Cena do filme Para todos os garotos que já amei. Netflix, 2018

Esses dias, enquanto arrumava meu quarto, encontrei uma caixa de sabonetes que ganhei de presente nas festas de fim de ano de 2023. Muitíssimo chique, daquela marca cara que é queridinha que começa com P, mas tem som de F, a caixa estava com os sabonetes pela metade. Pelo tamanho reduzido, aproveitei pra usar alguns em viagens, mas ainda restavam três.
 
Nunca usei os sabonetes para além das viagens por ter "pena" de gastá-los. "São pequenos para o dia a dia, não vai durar uma semana", pensei eu, deixando-os na caixa, escondida no fundo da penteadeira.
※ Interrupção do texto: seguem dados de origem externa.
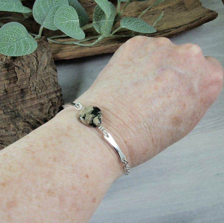 Gemstone Heart and Sterling Silver Bracelet. Adjustable fit
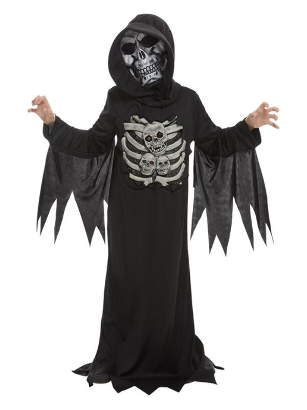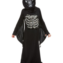 Skeleton Reaper Kinderkostuum. Dit kostuum bestaat uit het zwarte gewaad met touw, latex borstkas en masker. Met dit kostuum ben je in 1 keer klaar voor jouw Halloweenparty.
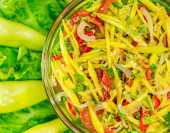 pikantna sałatka pieprz marynowane warzywa plastry azjatyckie jedzenie gotowe do gotowania pyszne przekąski zdrowy posiłek jedzenie przekąska na stole kopia przestrzeń jedzenie tło rustykalny widok z góry
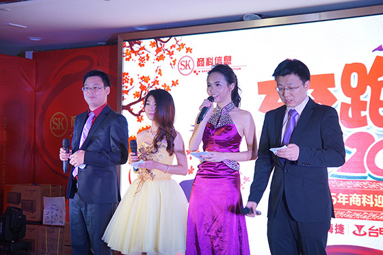 隨著人員的到來(lái),商科集團(tuán)2015年迎春聯(lián)歡會(huì)在下午3點(diǎn)鐘正式開(kāi)始。隨著四位主持人也閃亮登場(chǎng),這場(chǎng)盛會(huì)拉開(kāi)了序幕!
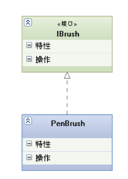 - 表示类实现接口的特征和行为
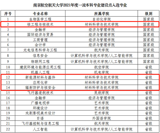 此前,在教育部公布的2021年国家级和省级一流本科专业建设点名单中,核工程与核技术专业还顺利获批国家级一流本科专业建设点。截至目前,我院五个本科专业中,已有两个国家级一流专业建设点(材料科学与工程、核工程与核技术),其余三个均为省级一流专业建设点(新能源材料与器件、应用化学、辐射防护与核安全),学院的专业建设工作取得新的突破。
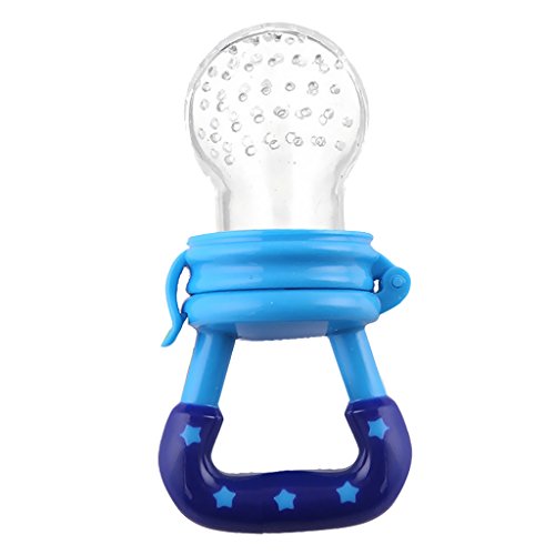 赤ちゃんが食べ物を楽しむためにシリコーンストレーナネットを吸うためにハンドルを保持します。
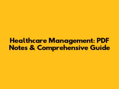 Healthcare Management: PDF Notes & Comprehensive Guide
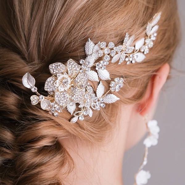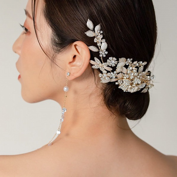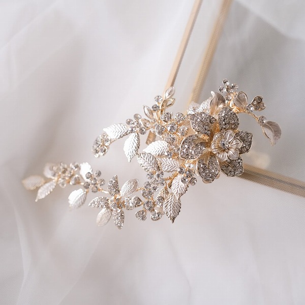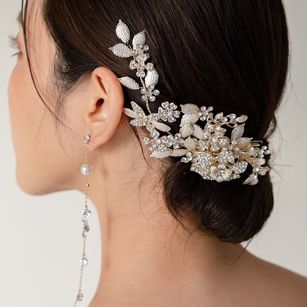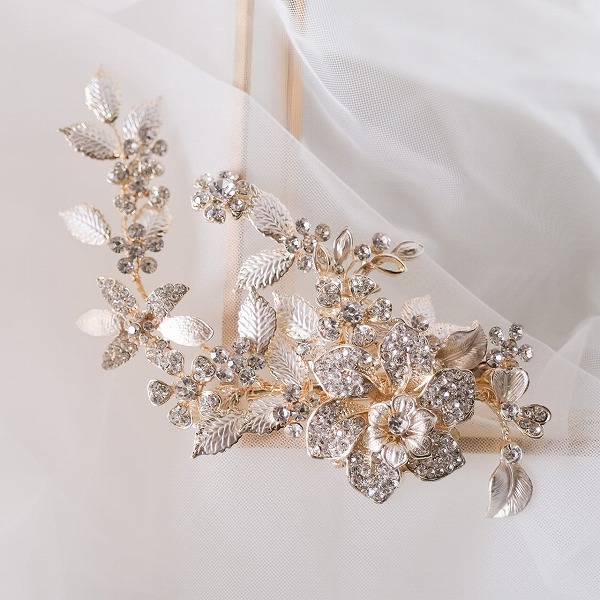 【送料無料】メール便 ブライダルヘッドドレス ビジュー フラワー リーフ ゴールド u25|ウェディング・ブライダルアクセサリーならPIARY(ピアリー)
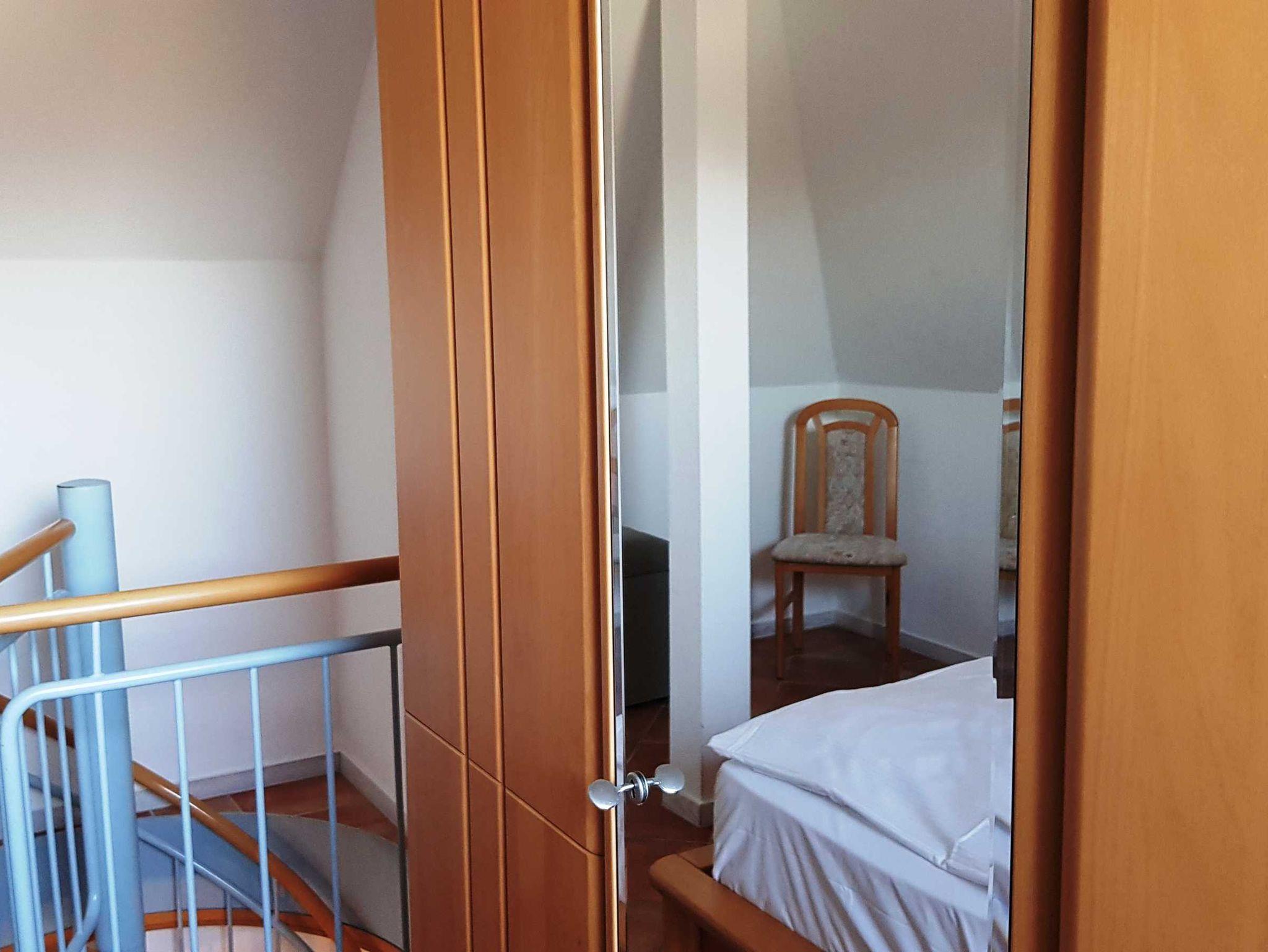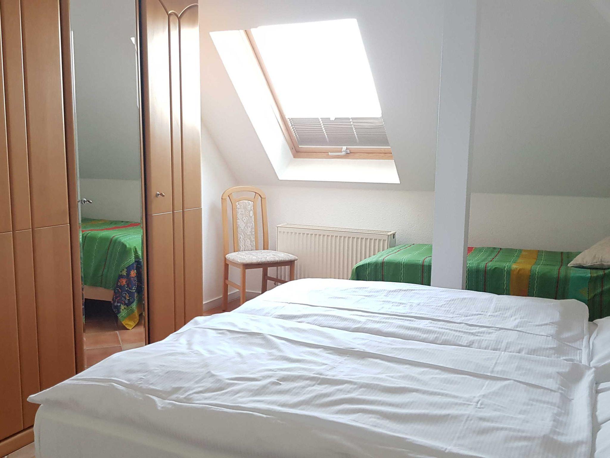 Das Schlafzimmer befindet sich im Dachgeschoss, welches über eine Spartreppe erreichbar ist.
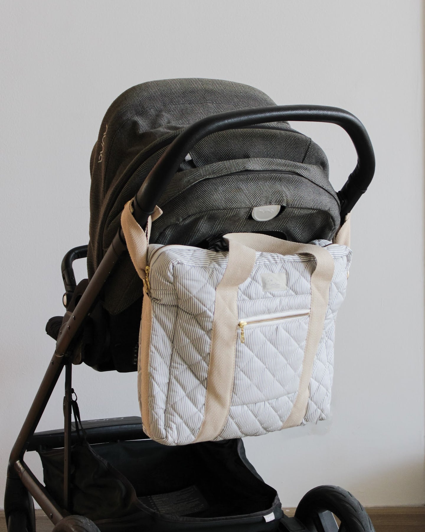 Este bolso cambiador con un elegante acolchado y revestimiento repelente al agua, tanto en el exterior como en el interior para una mayor protección y durabilidad. El bolso tiene correas resistentes, una correa ajustable para el hombro y dos pequeñas correas de asa para que puedas sujetarlo al asa del cochecito o la carriola.
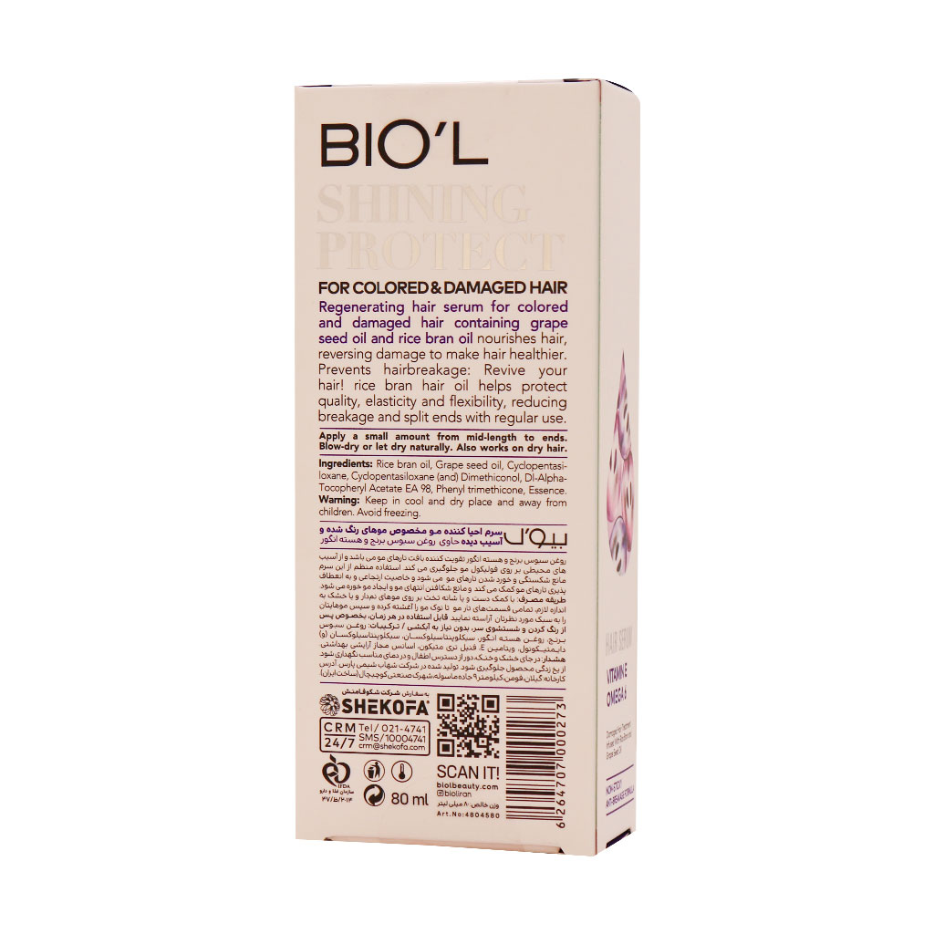 در واقع این سرم از طریق رطوبترسانی، ترمیم سلولهای آسیبدیده مو و افزایش طول عمر آنها، رساند مواد مغذی به تارهای مو و ایجاد یک لایه محافظتی بر روی مو از سلامت موی شما محافظت و مراقبت میکند. همچنین در پر حجم شدن جلوه مو و زیبایی آن نیز کارایی دارد. سرم مو بیول قابل استفاده در هر زمان بخصوص پس از رنگ کردن و یا شستشوی سر است که احساس شادابی، زیبایی و طراوت را به موها میبخشد. اسانس هلوی موجود در این سرم نیز احساس لذتبخشی را برای شما به ارمغان میآورد. این محصول در آلمان فرموله شده و در شرکت ژاله نور به سفارش شرکت شکوفا منش تولید میشود.
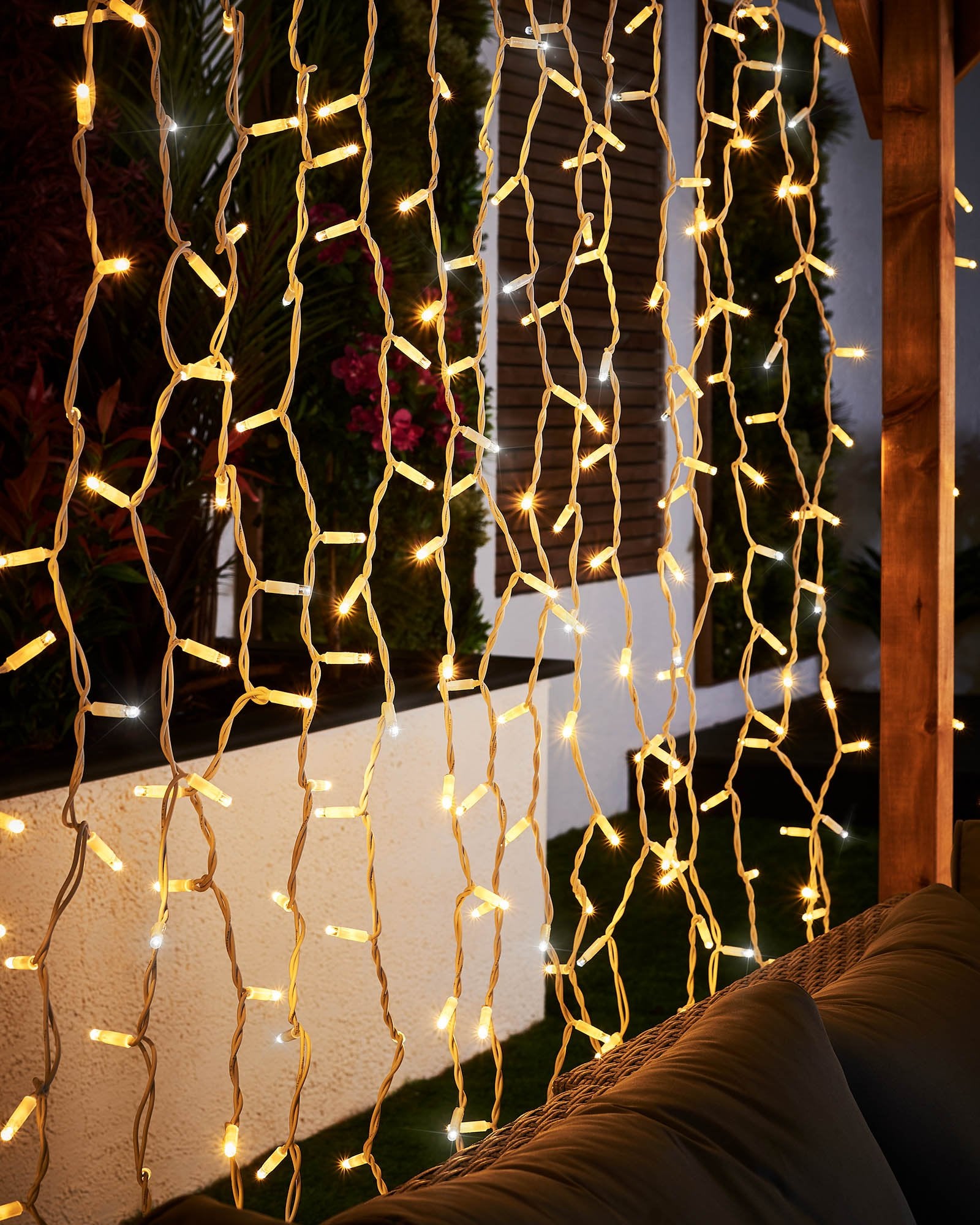 Choose these dual-tone curtain lights to create a clean, inviting backdrop that’s well suited for backdrops at winter weddings, Christmas parties or other residential and professional spaces.
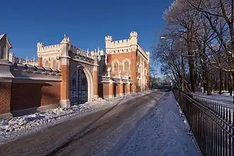 Комплекс имеет в плане форму трапеции. Внешне он имитирует английский готического замок с элементами стиля Тюдоров[4]. По углам расположены 9 массивных башен (в их верхних этажах были помещения для царского конвоя). Огромный манеж в центральной части комплекса имел систему открытых деревянных стропил. В манеже была предусмотрена особая императорская ложа[2].
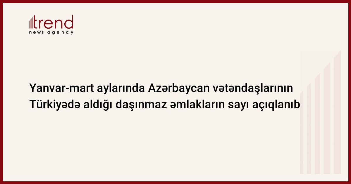 2024-cü ilin yanvar-mart aylarında Azərbaycan vətəndaşları Türkiyədə 169 daşınmaz əmlak satın alıblar ki, bu da keçən ilin eyni dövrü ilə müqayisədə 38 obyekt azdır.
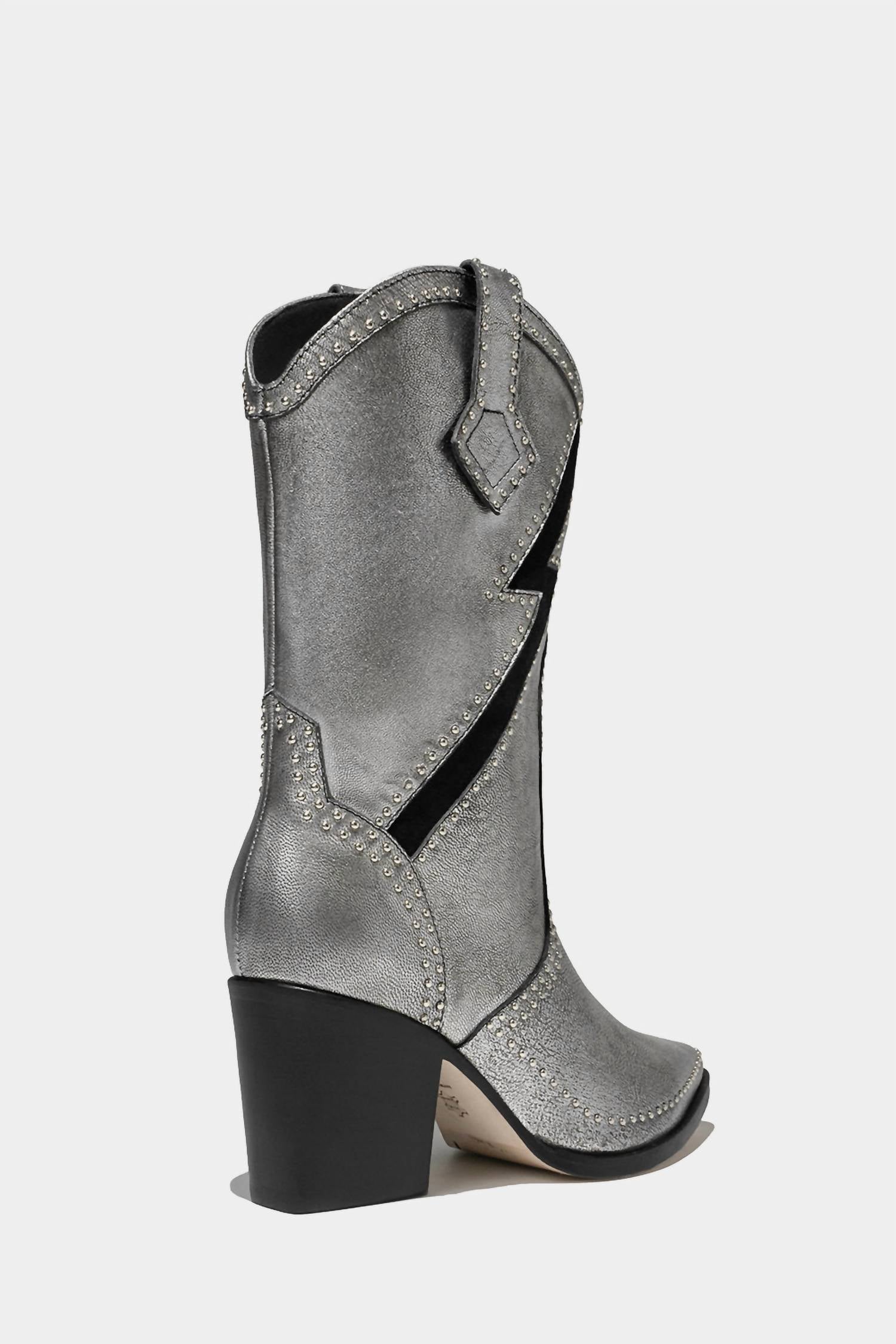 Step out in confidence and showcase your impeccable taste with these fashionable and versatile boots. Their classic style will have you reaching for these boots season after season. Step into the spotlight with the Women's Freddie Leather Boots by Dante Shoes, inspired by classic rock music. These metallic silver heeled boots are crafted from 100% high-quality leather, offering both a bold look and extra comfort with their soft leather lining and Comfortech insole. Designed with a pointed toe and block heel, with a mid-height ranging from 2 1/4" to 3", these boots are the perfect choice for music festivals and trendy Y2K style. Embrace sophistication and make a striking statement wherever you go.
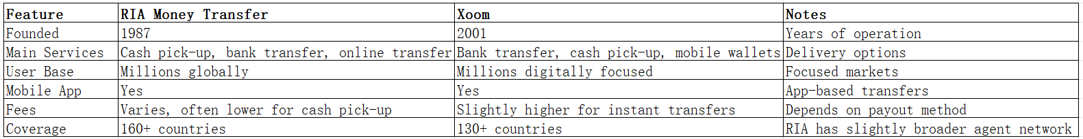 RIA suits users prioritizing broad agent networks and varied payout options. Xoom is better for users seeking instant digital transfers. For those valuing cost-effectiveness, speed, and fully online processes, PandaRemit may offer superior convenience.
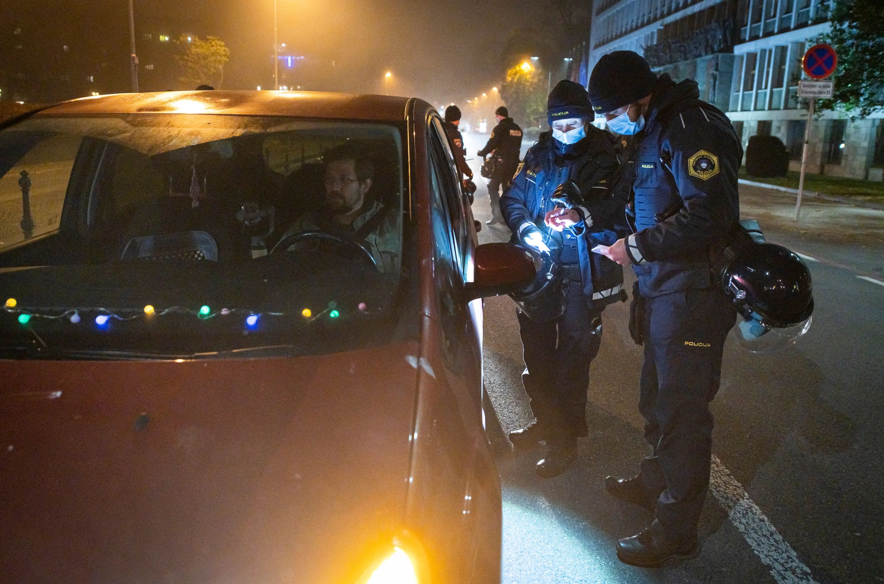 Slovenian police officers check the documents of a driver during a rally in front of the Slovenian Parliament to demand the resignation of the government in Ljubljana, on November 27, 2020. (Photo by Jure Makovec/AFP Photo)
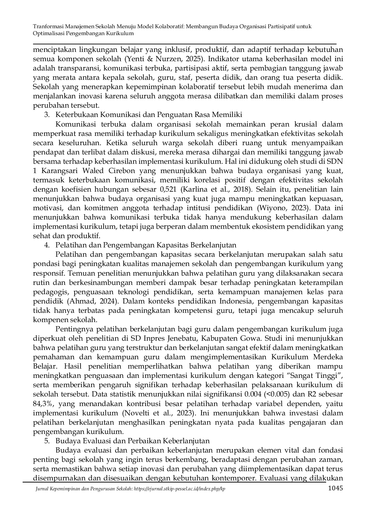 Transformasi budaya organisasi sekolah menuju pola partisipatif dan kolaboratif merupakan kunci utama dalam pengembangan kurikulum yang relevan, responsif, dan adaptif terhadap kebutuhan peserta didik serta dinamika lingkungan sekolah.Keterbukaan komunikasi dan penguatan rasa memiliki terbukti memperkuat partisipasi aktif seluruh warga sekolah, sehingga tercipta ekosistem pendidikan yang sehat, inovatif, dan produktif.Pelatihan dan pengembangan kapasitas berkelanjutan bagi guru dan tenaga kependidikan menjadi fondasi penting dalam meningkatkan kualitas manajemen sekolah serta kesiapan menghadapi perubahan kurikulum dan teknologi pendidikan.Selain itu, budaya evaluasi dan perbaikan berkelanjutan yang terintegrasi dalam tata kelola sekolah mendorong terciptanya siklus perbaikan yang adaptif dan inovatif, serta memastikan setiap kebijakan dan program pendidikan selalu relevan dengan kebutuhan kontemporer.

Enquanto olhava a validade, que já estava próxima, lembrei de uma conversa também recente: uma amiga ganhou toalhas bordadas, personalizadas e muitíssimo bonitas. Com pena de usar, guardou-as. Em uma faxina no guarda-roupa, encontrou as tais toalhas lindas e bordadas agora amareladas pela falta de uso.
 
Porque nós temos essa mania de guardar coisas? Seja por pena de usar, seja na esperança de emagrecer e caber de novo naquela roupa, um perfume ou um cosmético que, por ter sido caro demais e raramente usado, um sapato que é lindo e confortável, mas que talvez seja arrumado demais pra qualquer ocasião.
 
Mas sabonetes vencem. Toalhas amarelam, roupas param de caber, sapatos esfarelam se não forem usados. Até os vinhos, feitos para serem envelhecidos e quanto mais antigos, melhores, podem avinagrar se passar do ponto. As coisas vencem. E sentimentos também. 
 
Quantos de nós guardamos mágoas de pessoas que às vezes nem se lembram a razão de nos terem magoado — e, a depender, elas sequer sabem. Quantos são os sentimentos que ainda nos habitam, remoídos dia após a dia, numa lembrança que corrói? Uma palavra dura, uma ação, um silêncio, uma traição, um desentendimento.
 
Essa não é uma tentativa de diminuir nada e muito menos de passar pano para as pessoas que nos magoam e nos agridem. Mas o tempo passa. E quando o tempo passa, é suposto que leve com ele a validade das coisas, o tempo leva consigo a nossa validade, também. Todos os dias pessoas envelhecem, todos os dias pessoas morrem.
 
E todos os dias pessoas deixam para trás sabonetes que nunca usaram por pena, toalhas amareladas no armário, perfumes caros quase cheios, sapatos novos usados poucas vezes. E todas as coisas, todas essas matérias, serão usadas, doadas, vendidas ou jogadas fora. Não importa o cuidado, carinho e atenção dadas todos os dias. Na ausência daquele que um dia foi dono, as coisas são só.... coisas.
 
Tirei os sabonetes da caixa e coloquei no armário do banheiro, um inclusive já está acabando. Use seu perfume caro, doe a roupa que não cabe mais, lave as toalhas encardidas e use-as. Calce o sapato caro e cheio de brilho mesmo que a ocasião seja só um barzinho. Porque as coisas acabam e nós também. O tempo passa e nós também. E as mágoas devem passar, também. Porque perdão é, muitas vezes, sobre o bem que nos faz ao oferecê-lo e não necessariamente ao bem do outro que o recebe. 
 
Pare de guardar.
Pare de guardar antes que seja tarde e todas as suas expectativas se resumam a arrependimento. 
 
Se eu tivesse usado, não teria vencido. Se eu tivesse usado, não teria esfarelado. Se eu tivesse perdoado, se eu tivesse ligado, se eu tivesse dito, se eu tivesse feito.
 
Pare de guardar para que não haja um "se".